A toolset for collaborative development and reproducible results in data science and machine learning projects.
Make sure you have uv installed.
For example via pip:
pip install uv
You can initialize a project from the command line.
Just replace my_new_project with the name of the folder that should be created for the project.
uvx copier copy --trust gh:Excidion/reproML my_new_project
You wil then be guided through a short questionaire. Depending on your choices, it will generate a structure that looks something like this:
├── data <- All data files belong into one of this folders subfolder
│ ├── raw <- The original, unedited data dump
│ ├── interim <- Intermediate data that has been or is being transformed
│ └── processed <- The data sets used for modeling
│
├── docs <- Project documentation
│ ├── index.md <- Landing page, describe the project and team.

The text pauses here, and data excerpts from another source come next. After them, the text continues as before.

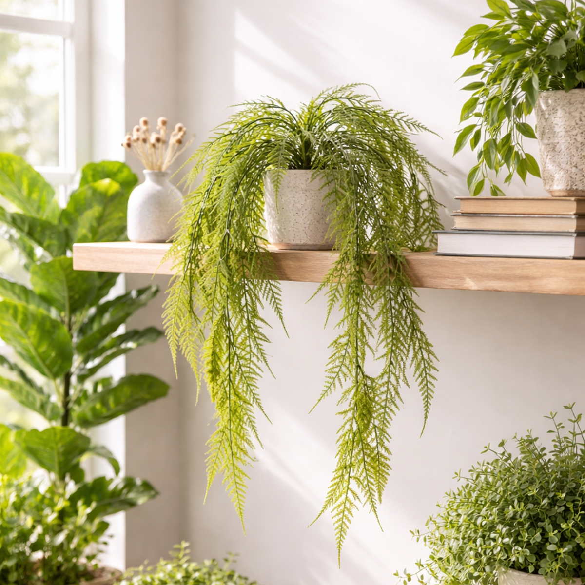 Koop kunstmatige hangplanten: de kunstmatige asperges als stijlvolle huisdecoratie.
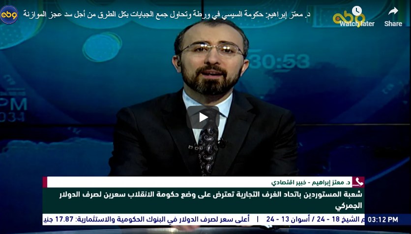 قال الدكتور معتز إبراهيم الخبير الاقتصادي: إن رفع حكومة الانقلاب سعر الدولار الجمركي على مزيد من السلع باعتبارها ترفيهية يؤكد أن الحكومة في ورطة وتبحث عن أي وسلة ...
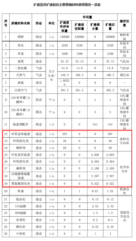 本扩建项目的LNG罐喷漆、酸洗磷化线车间、占地面积1378m2.一栋1层,层高12米。扩建后全厂露天钢材堆场21060m2.分段堆场露天10780m2.机加工车间17500m2.焊接车间21660m2.机加工车间和焊接车间一栋1层,层高20m。 装焊车间15120m2.一栋1层,层高25m。 打砂车间3120m2.一栋1层,层高12m。 涂装车间2230m2.一栋1层,层高12m。预留厂房(电梯分厂未上)总占地面积51252m2.LNG罐喷漆、酸洗磷化线车间1378m2.一栋1层,层高12m。年产15艘5万吨级船舶的分段,年产LNG单耳罐4个、双耳罐 3个(公司内部生产使用)
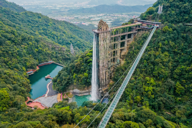 云门山景区坐落于世界过山瑶之乡——韶关市乳源县境内,地理位置优越,交通便利。景区内森林植被覆盖率高达89.3%,奇峰林立、古木参天、山花烂漫,空气清新,珍贵野生动植物品种丰富,全年林中溪水潺潺。目前景区建有高空全景玻璃桥、云上飞瀑、客运索道、生态步道、水上乐园、海洋公园、机动游乐园、冰雪世界、百亩花海、萌宠乐园、植物迷宫等众多游玩体验项目。
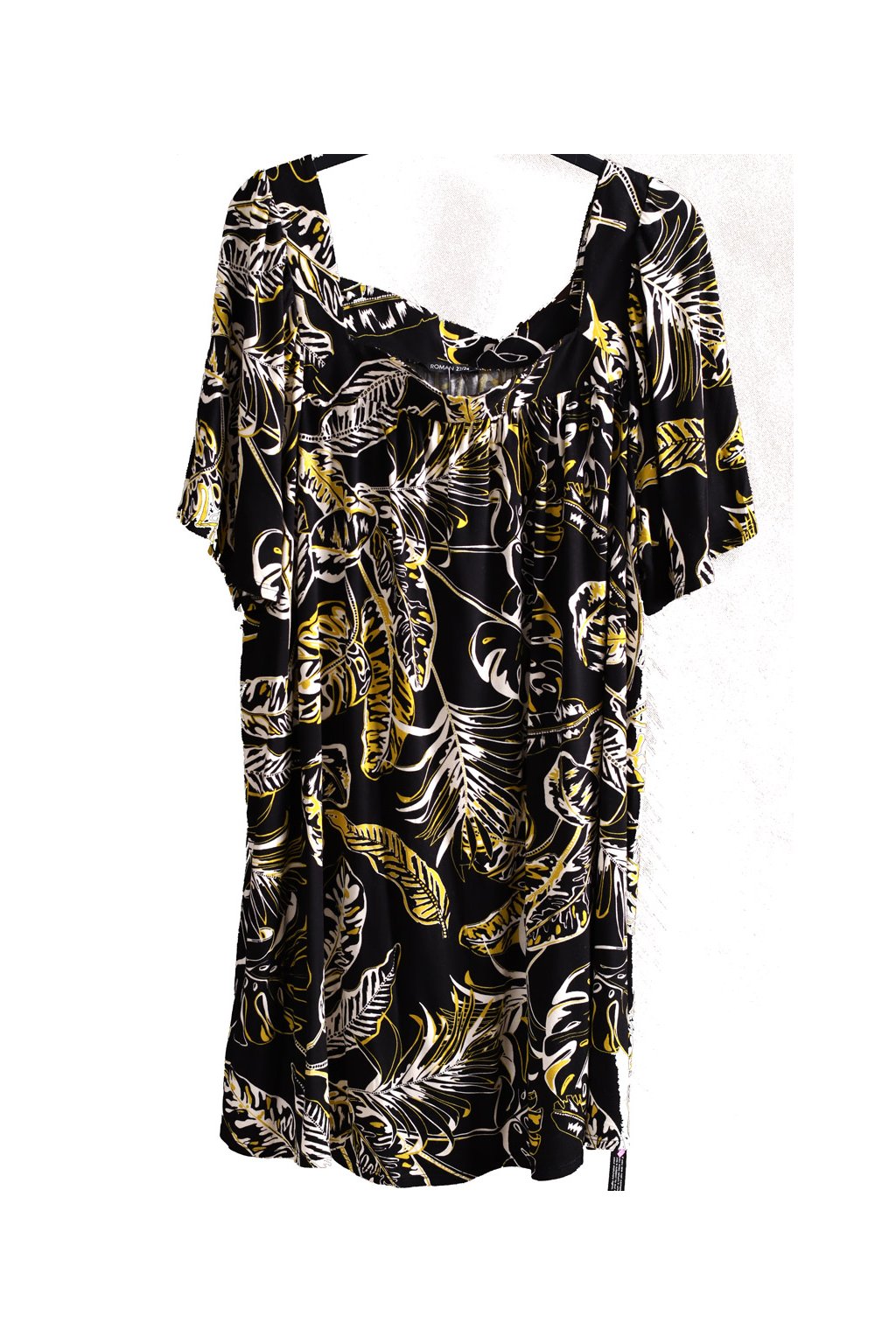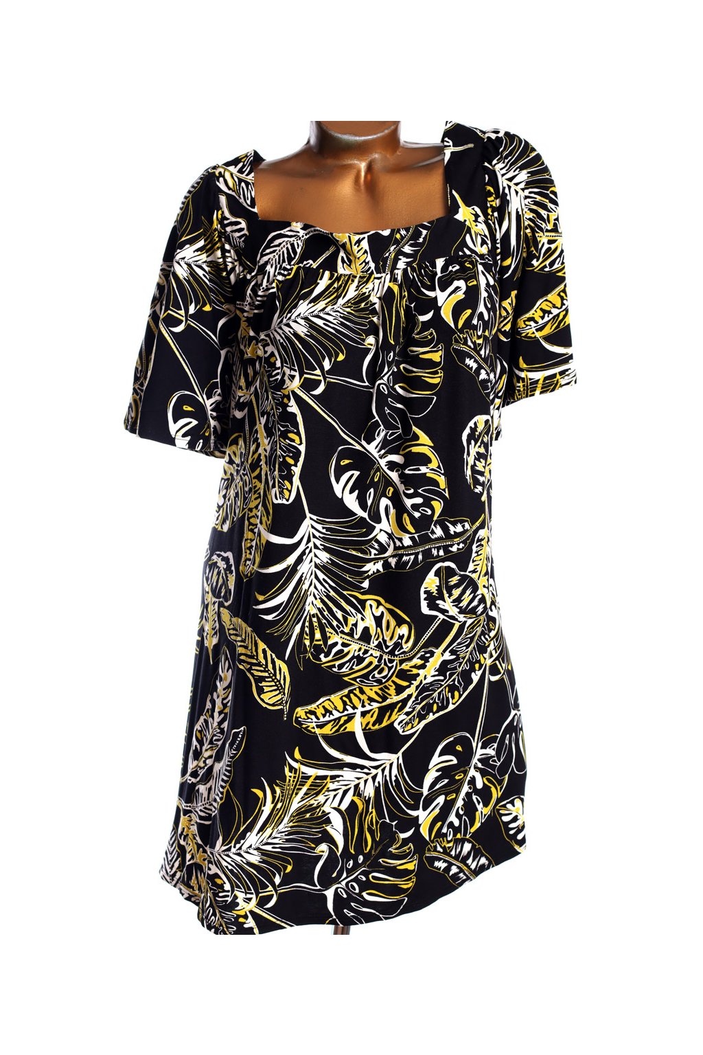 Dámské černé šaty s bílo-zelenými listy / ROMAN / XXXXL (5052) / UK 22/24 / ANGLIE
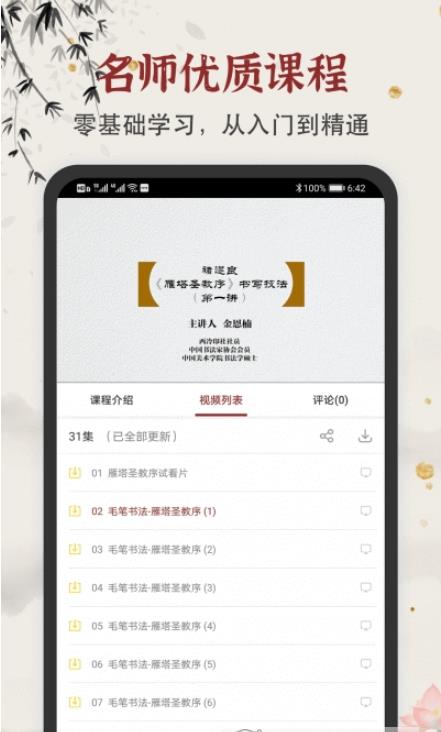 1. 课程全面:软件内包含了从基础入门到进阶教学的各类课程,适合不同水平的书法爱好者。
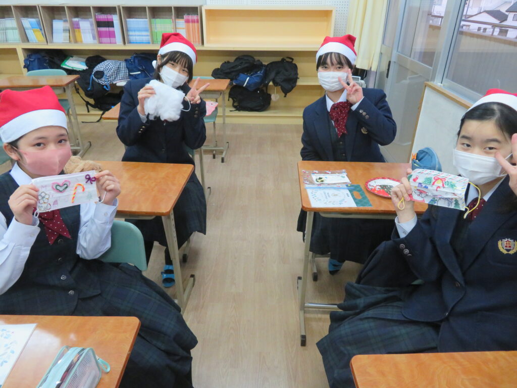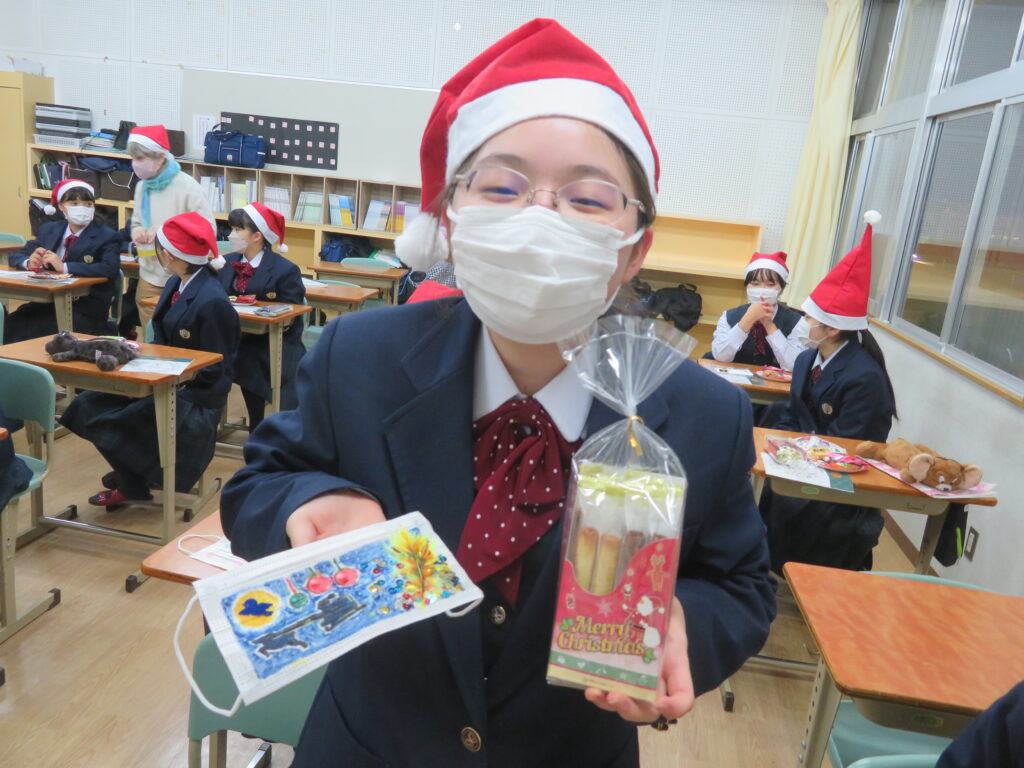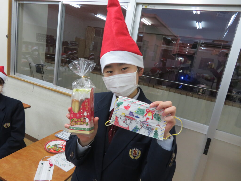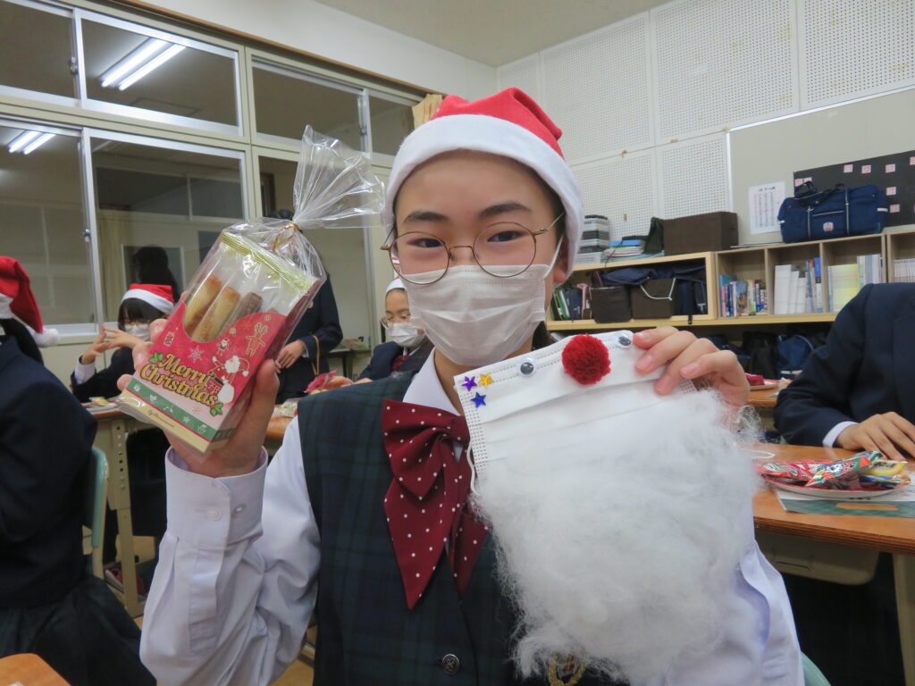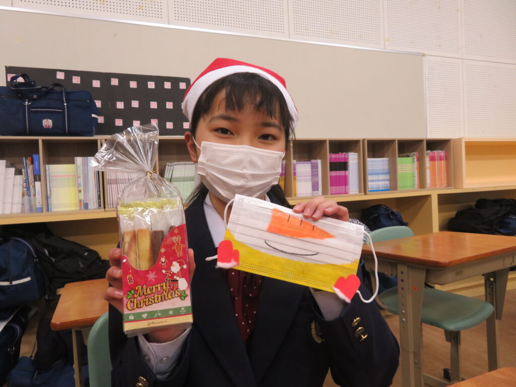 まず、「Ugly Christmas mask contest 」というものをしました。部員それぞれがマスクをクリスマス風にデコレーションして、どのデザインが最も良いかトンプソン先生に決めてもらいました。それぞれが工夫したデコレーションをしていて、とても素敵なものばかりでした。
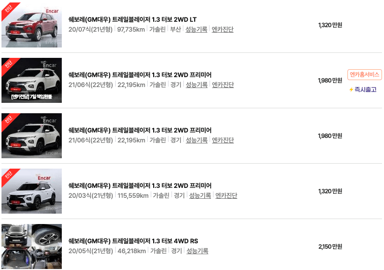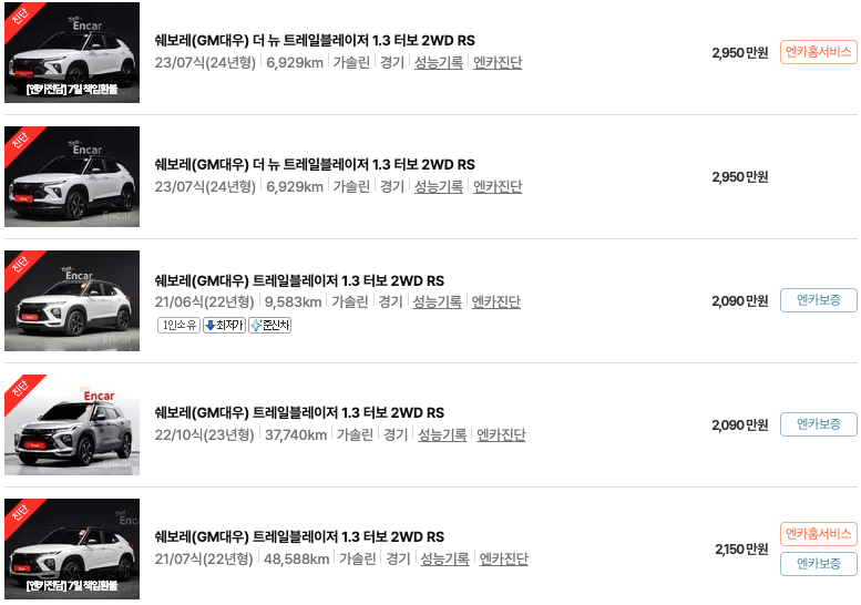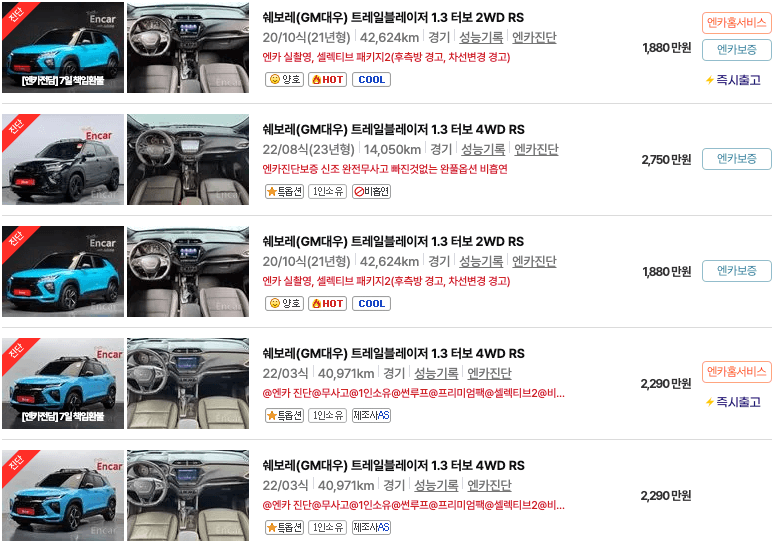 쉐보레 트레일블레이저 중고차 정보에 대해 보다 자세히 알려드릴께요.
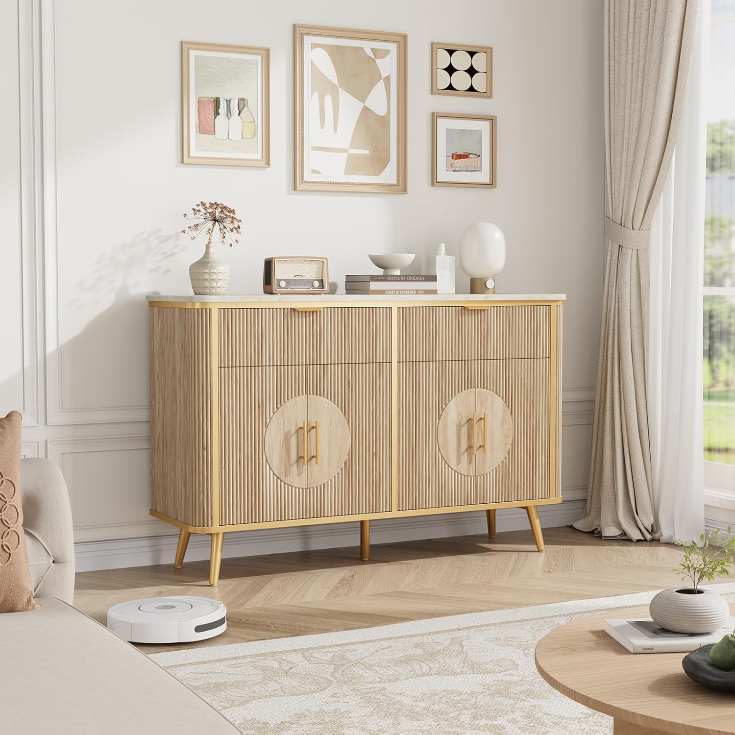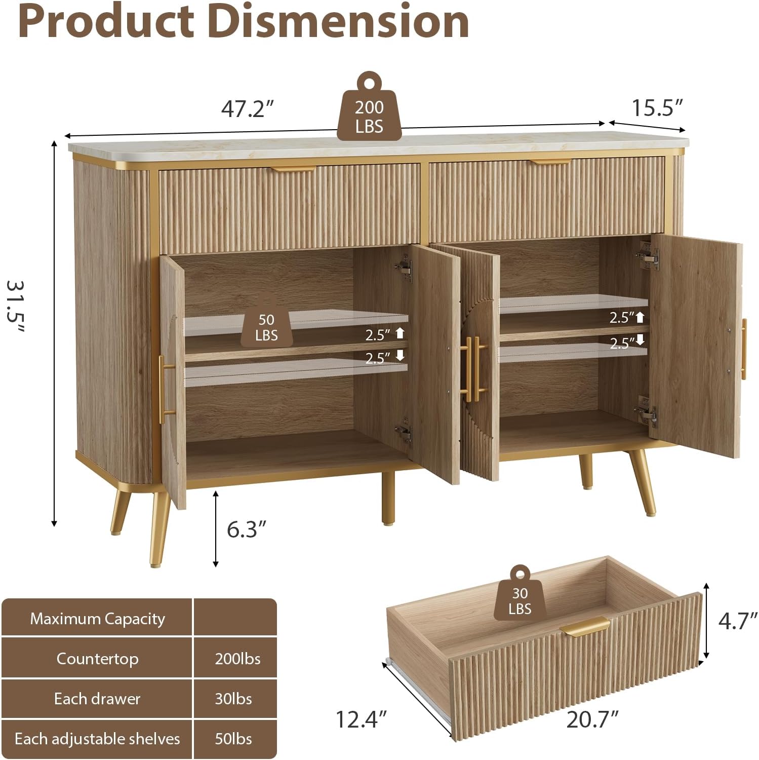 - Durable & Stable constructionāAdapting solid high-grade engineered materials, the buffet sideboard cabinet can safely support up to 200 lbs, ensuring your belongings are stored securely. The countertop is scratch-resistant and waterproof, effortlessly withstanding daily wear and stains. Additionally, the reinforced splayed legs provide ample space for the robot vacuum to clean, helping your room stay clean and tidy daily!

│ ├── context.md <- Document context and goals.
│ ├── model.md <- Document modeling from data to ML.
│ ├── notebooks/ <- Your most polished notebooks, integrated into the docs
│ ├── code/ <- Automatically generated code documentation
│ └── structure.md <- Document tools and technical organization.
│
├── models <- Trained and serialized models and other artifacts
│ └── logs <- Logfiles from training and prediction
│
├── notebooks <- Jupyter notebooks
│
├── references <- Data dictionaries, manuals, and helper materials.
│
├── reports <- Generated analysis as HTML, PDF, etc.
│ └── figures <- Generated graphics and figures to be used in reports
│
├── src <- Source code for use in this project.
│ ├── data <- Scripts to download, process or generate data
│ ├── features <- Functions to turn data into features
│ ├── model <- Scripts for training and prediction
│ └── visualization <- Scripts to create visualizations
│
├── pyproject.toml <- Project configuration and dependencies.
│
└── README.md <- The top-level README for developers using this project.